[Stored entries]
=====
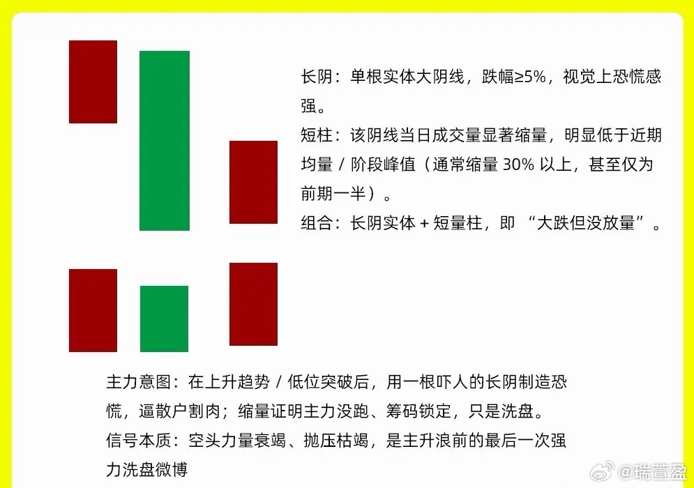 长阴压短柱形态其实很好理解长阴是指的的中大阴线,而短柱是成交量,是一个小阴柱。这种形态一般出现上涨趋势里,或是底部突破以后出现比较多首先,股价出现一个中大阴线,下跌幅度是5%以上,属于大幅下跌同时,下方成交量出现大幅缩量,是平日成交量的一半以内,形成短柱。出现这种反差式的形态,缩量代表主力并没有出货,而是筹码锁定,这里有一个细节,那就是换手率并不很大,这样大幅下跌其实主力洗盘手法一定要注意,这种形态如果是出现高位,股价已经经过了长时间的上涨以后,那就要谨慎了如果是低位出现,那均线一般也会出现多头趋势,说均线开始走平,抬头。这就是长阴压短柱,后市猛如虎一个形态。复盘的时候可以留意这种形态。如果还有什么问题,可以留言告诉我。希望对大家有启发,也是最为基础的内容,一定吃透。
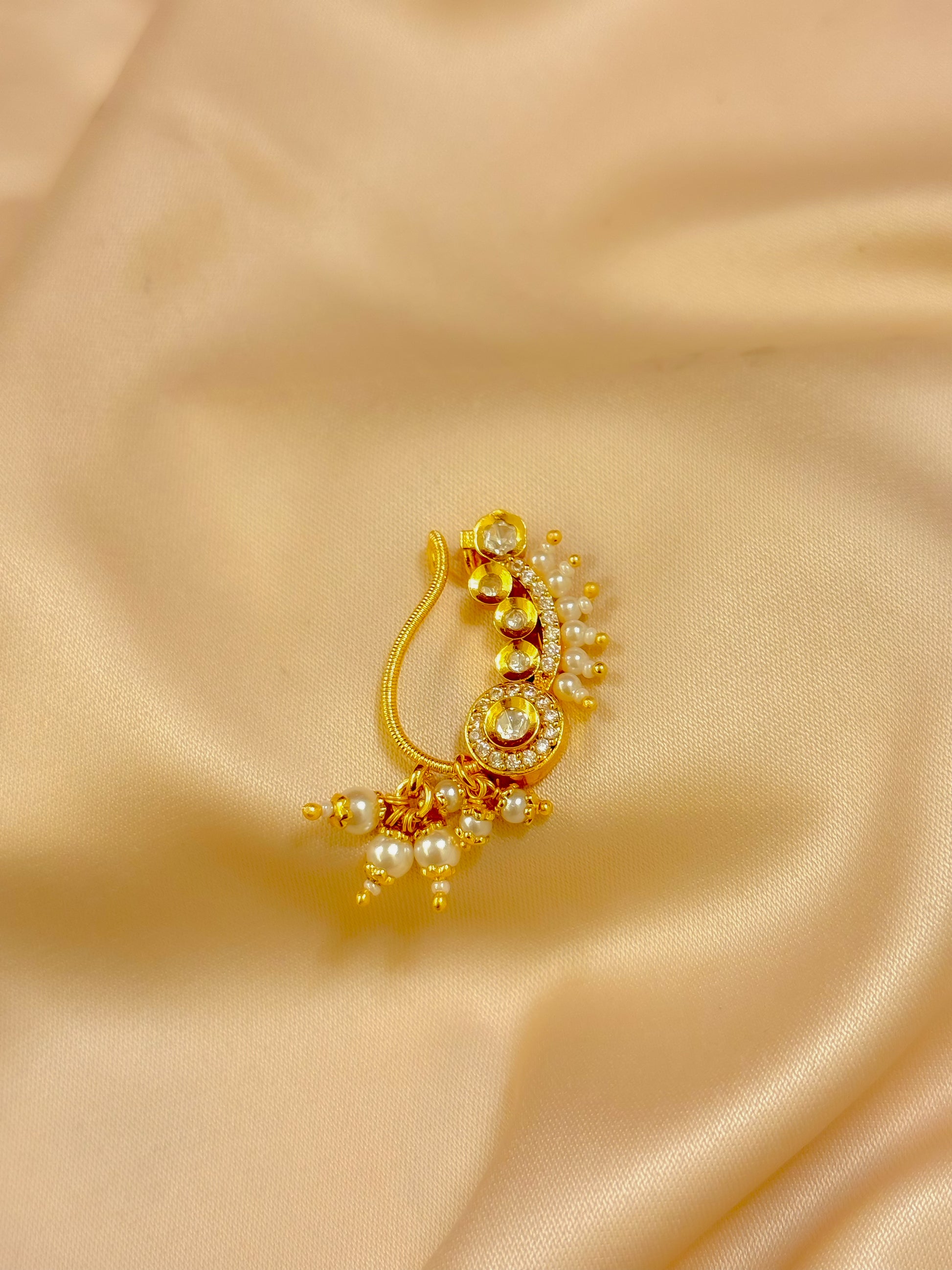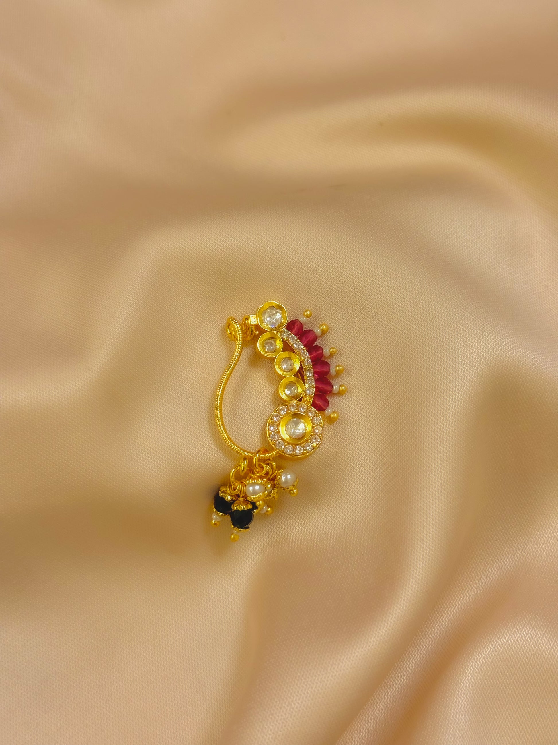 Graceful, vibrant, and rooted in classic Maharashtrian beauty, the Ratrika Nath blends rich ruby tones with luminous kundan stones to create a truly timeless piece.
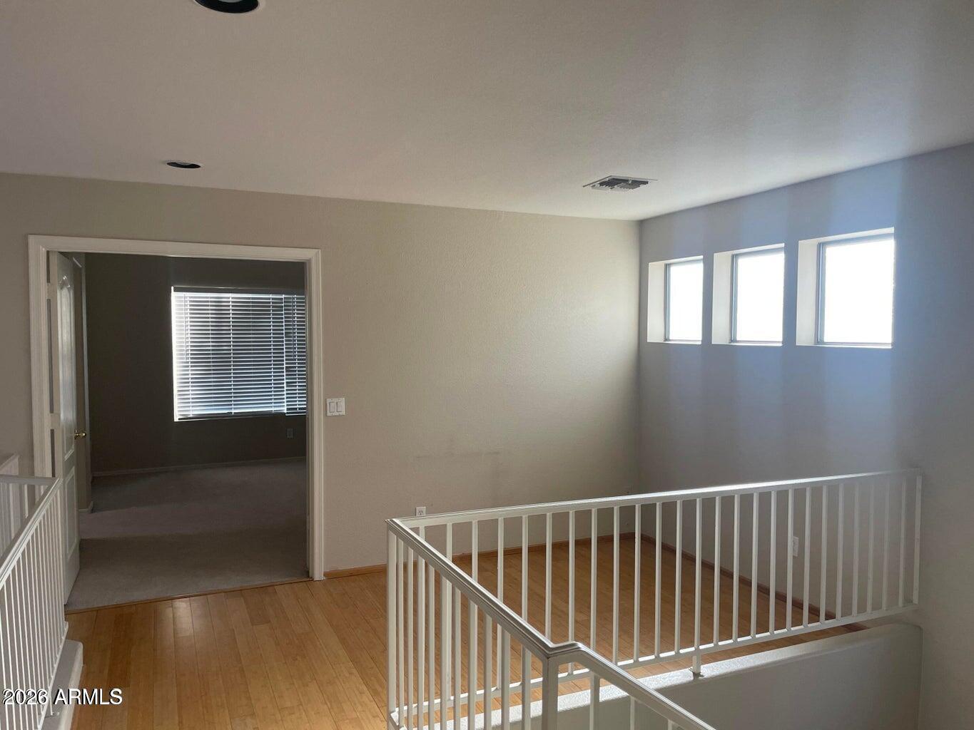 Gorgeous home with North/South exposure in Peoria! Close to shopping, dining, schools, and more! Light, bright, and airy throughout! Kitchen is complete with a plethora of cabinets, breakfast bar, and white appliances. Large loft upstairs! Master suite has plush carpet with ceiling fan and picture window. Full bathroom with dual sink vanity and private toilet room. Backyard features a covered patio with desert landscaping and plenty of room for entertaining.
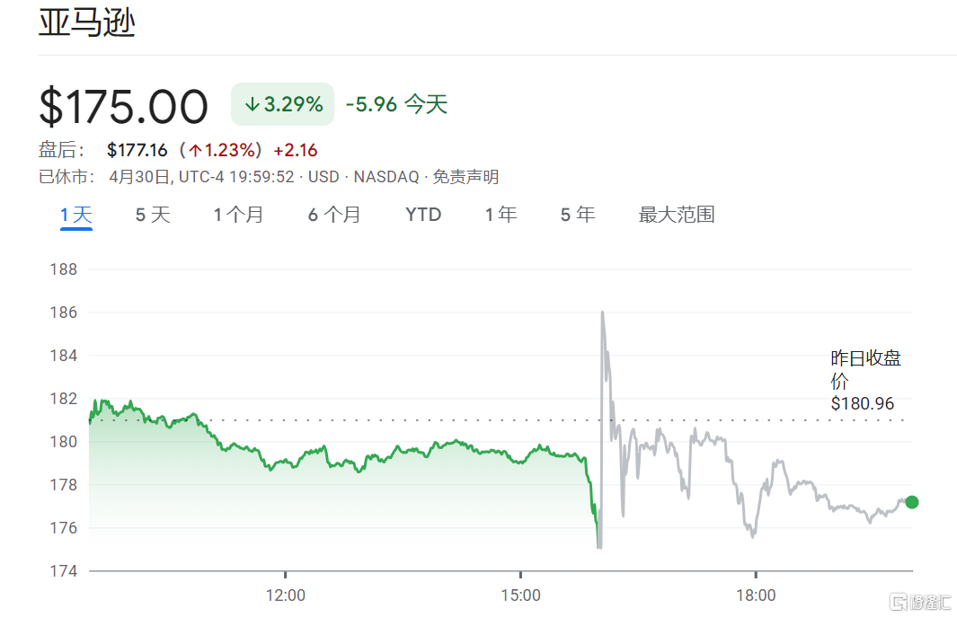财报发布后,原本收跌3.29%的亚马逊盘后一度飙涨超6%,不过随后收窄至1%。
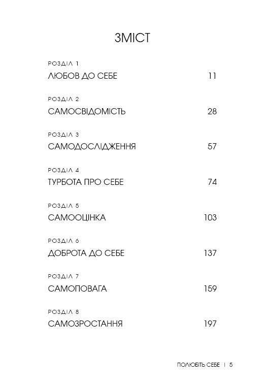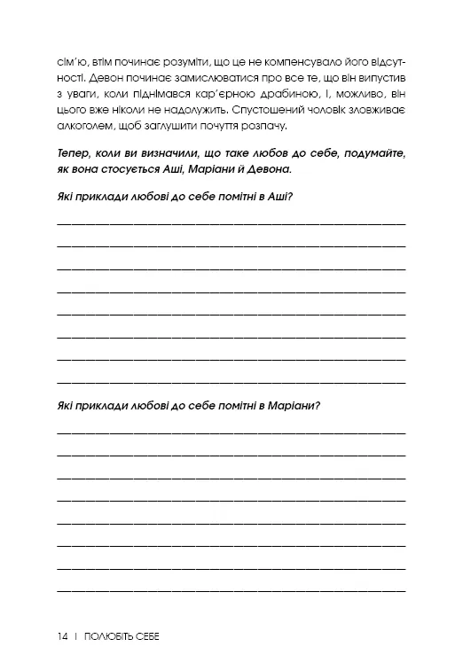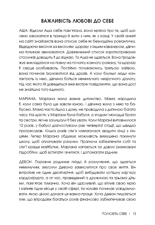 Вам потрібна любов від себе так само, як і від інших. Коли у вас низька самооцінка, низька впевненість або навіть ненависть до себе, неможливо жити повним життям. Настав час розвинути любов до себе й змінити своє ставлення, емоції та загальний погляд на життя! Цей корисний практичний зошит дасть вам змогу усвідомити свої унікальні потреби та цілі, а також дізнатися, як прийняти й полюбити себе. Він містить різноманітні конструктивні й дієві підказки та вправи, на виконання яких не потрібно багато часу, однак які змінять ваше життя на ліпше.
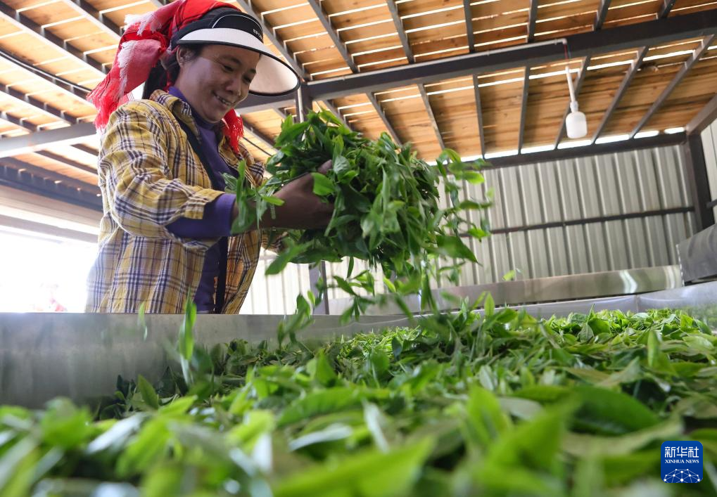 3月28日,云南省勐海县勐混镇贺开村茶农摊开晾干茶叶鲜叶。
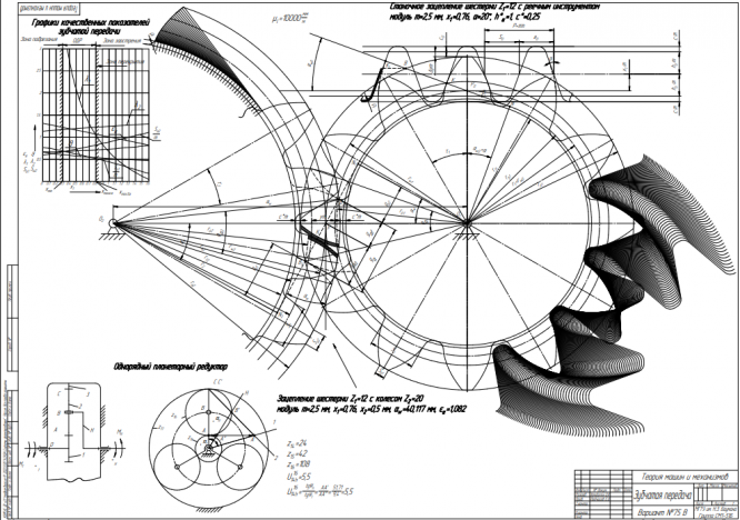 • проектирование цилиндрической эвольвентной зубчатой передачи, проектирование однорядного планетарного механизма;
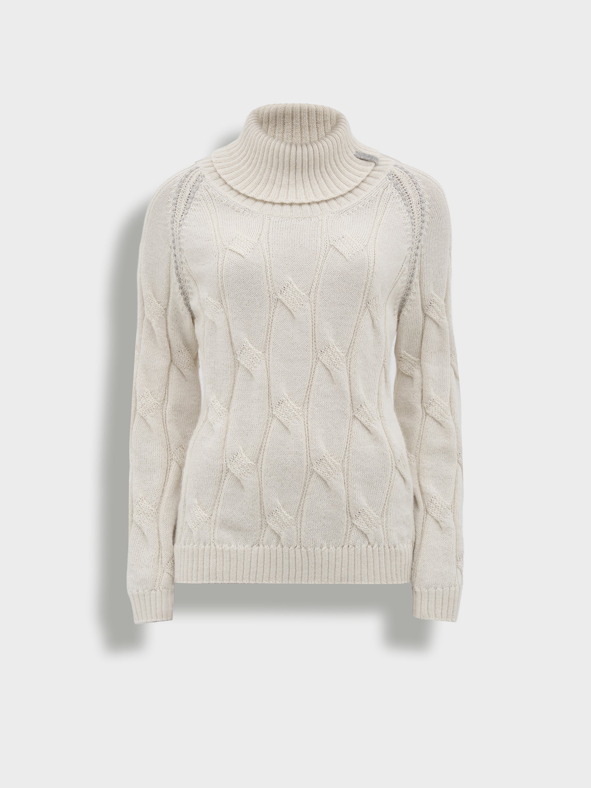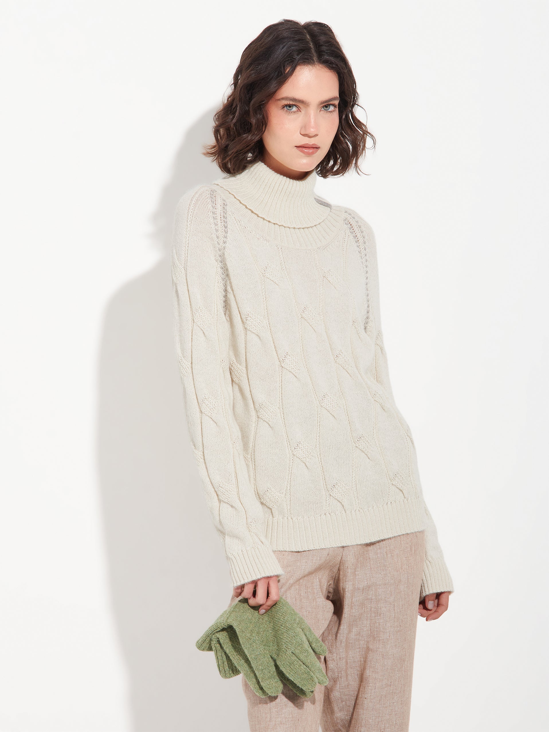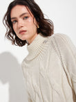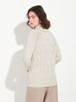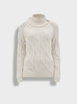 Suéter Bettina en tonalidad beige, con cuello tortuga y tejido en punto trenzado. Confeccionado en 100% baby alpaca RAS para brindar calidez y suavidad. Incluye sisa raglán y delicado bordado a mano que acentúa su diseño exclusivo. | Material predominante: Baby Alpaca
=====
§ **TASK REQUIREMENTS**: Line by line, retype the records above exactly, minus the images.

§ **RESULT OF THIS TASK**:
 长阴压短柱形态其实很好理解长阴是指的的中大阴线,而短柱是成交量,是一个小阴柱。这种形态一般出现上涨趋势里,或是底部突破以后出现比较多首先,股价出现一个中大阴线,下跌幅度是5%以上,属于大幅下跌同时,下方成交量出现大幅缩量,是平日成交量的一半以内,形成短柱。出现这种反差式的形态,缩量代表主力并没有出货,而是筹码锁定,这里有一个细节,那就是换手率并不很大,这样大幅下跌其实主力洗盘手法一定要注意,这种形态如果是出现高位,股价已经经过了长时间的上涨以后,那就要谨慎了如果是低位出现,那均线一般也会出现多头趋势,说均线开始走平,抬头。这就是长阴压短柱,后市猛如虎一个形态。复盘的时候可以留意这种形态。如果还有什么问题,可以留言告诉我。希望对大家有启发,也是最为基础的内容,一定吃透。
 Graceful, vibrant, and rooted in classic Maharashtrian beauty, the Ratrika Nath blends rich ruby tones with luminous kundan stones to create a truly timeless piece.
 Gorgeous home with North/South exposure in Peoria! Close to shopping, dining, schools, and more! Light, bright, and airy throughout! Kitchen is complete with a plethora of cabinets, breakfast bar, and white appliances. Large loft upstairs! Master suite has plush carpet with ceiling fan and picture window. Full bathroom with dual sink vanity and private toilet room. Backyard features a covered patio with desert landscaping and plenty of room for entertaining.
财报发布后,原本收跌3.29%的亚马逊盘后一度飙涨超6%,不过随后收窄至1%。
 Вам потрібна любов від себе так само, як і від інших. Коли у вас низька самооцінка, низька впевненість або навіть ненависть до себе, неможливо жити повним життям. Настав час розвинути любов до себе й змінити своє ставлення, емоції та загальний погляд на життя! Цей корисний практичний зошит дасть вам змогу усвідомити свої унікальні потреби та цілі, а також дізнатися, як прийняти й полюбити себе. Він містить різноманітні конструктивні й дієві підказки та вправи, на виконання яких не потрібно багато часу, однак які змінять ваше життя на ліпше.
 3月28日,云南省勐海县勐混镇贺开村茶农摊开晾干茶叶鲜叶。
 • проектирование цилиндрической эвольвентной зубчатой передачи, проектирование однорядного планетарного механизма;
 Suéter Bettina en tonalidad beige, con cuello tortuga y tejido en punto trenzado. Confeccionado en 100% baby alpaca RAS para brindar calidez y suavidad. Incluye sisa raglán y delicado bordado a mano que acentúa su diseño exclusivo. | Material predominante: Baby Alpaca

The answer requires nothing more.